Hart und scharf - und reichlich links - klingen Balaguers Angriffe auf die in Santo Domingo regierende Befreiungspartei, die sich dem Diktat des Weltwährungsfonds und des ausländischen Kapitals unterwerfe. Verheißungsvoll zieht er uralte Ladenhüter wie "Agrarreform" hervor oder ruft mit leicht zittrigem Pathos: "Jede dominikanische Familie soll in einem eigenen Haus leben und sterben dürfen."
Einen gewissen Bodensatz von Glaubwürdigkeit haben diese Parolen für jene, die vom Paternalismus der Balaguer-Jahre (oder gar der Ära Trujillo) profitierten. Während der blutrünstige Diktator an die Armen immerhin Geld verschenkte und bei Kinderreichen die Patenschaft übernahm, spendierte Balaguer in seiner Zeit wesentlich systematischer: Zehntausende dominikanischer Familien verdanken ihm eine Nähmaschine, ein Fahrrad, ein Radio, ein Fernsehgerät.

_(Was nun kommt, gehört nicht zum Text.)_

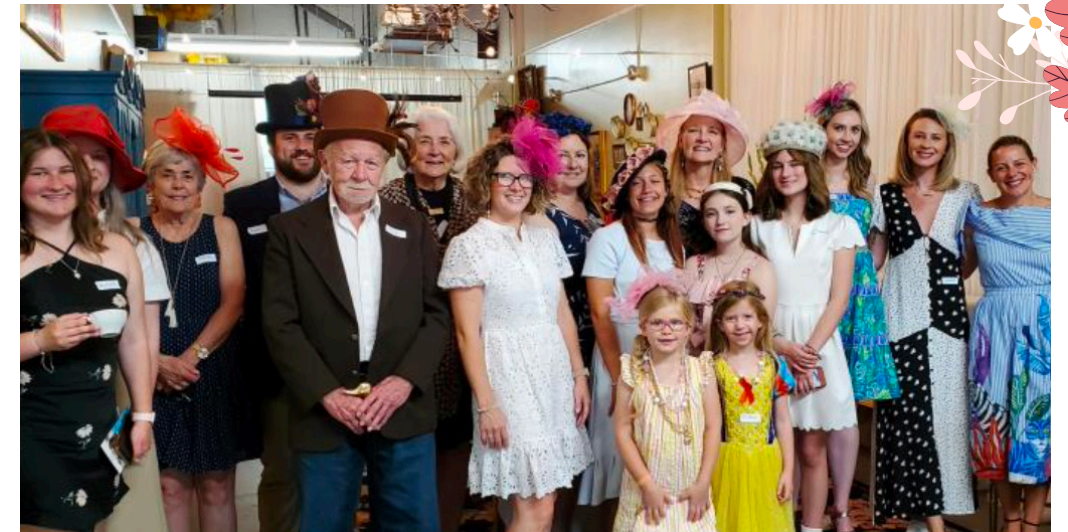
Tea Party at Tea with Mrs. B.

Der Methusalem unter den Kandidaten kann es sich leisten, mit nationalistischer Demagogie sparsam umzugehen, weil seine Zuhörer ohnehin verstehen, wie es gemeint ist. Wenn Balaguer die Parole ausgibt: "Mit wachem Sinn für die Unantastbarkeit unseres Hoheitsgebietes eintreten!", kommt diese Phrase immer gut an, denn sie bedeutet im Klartext: die Grenze zu Haiti dichtmachen und keine armen Schlucker von allzu dunkler Hautfarbe mehr hereinlassen.
In Wahrheit werden die Haitianer aber gebraucht - auf den Zuckerrohrfeldern und besonders in der Bauindustrie, die vom Tourismus und vom Drogenschmuggel mächtige Impulse bekommt. Weit über eine halbe Million deutscher Touristen werden dieses Jahr an den Stränden des karibischen Mallorca erwartet.
Balaguer ist schon seit annähernd 30 Jahren vollkommen blind. Die Gefahr, dass er dadurch von Hintermännern und Einflüsterern leicht manipuliert werden könnte, gilt in der Dominikanischen Republik indessen gleichwohl als gering: Der Altmeister des Intrigenspiels hat in seinen vielen Präsidentschaftsjahren eine Kunst darin entwickelt, sich Dokumente und Gesetze von verschiedenen rivalisierenden Mitarbeitern vortragen und erklären zu lassen. Zwei Eigenschaften seines Herrn und Meisters Trujillo sind ihm in Fleisch und Blut übergegangen: krankhaftes Misstrauen, gepaart mit einem Elefantengedächtnis.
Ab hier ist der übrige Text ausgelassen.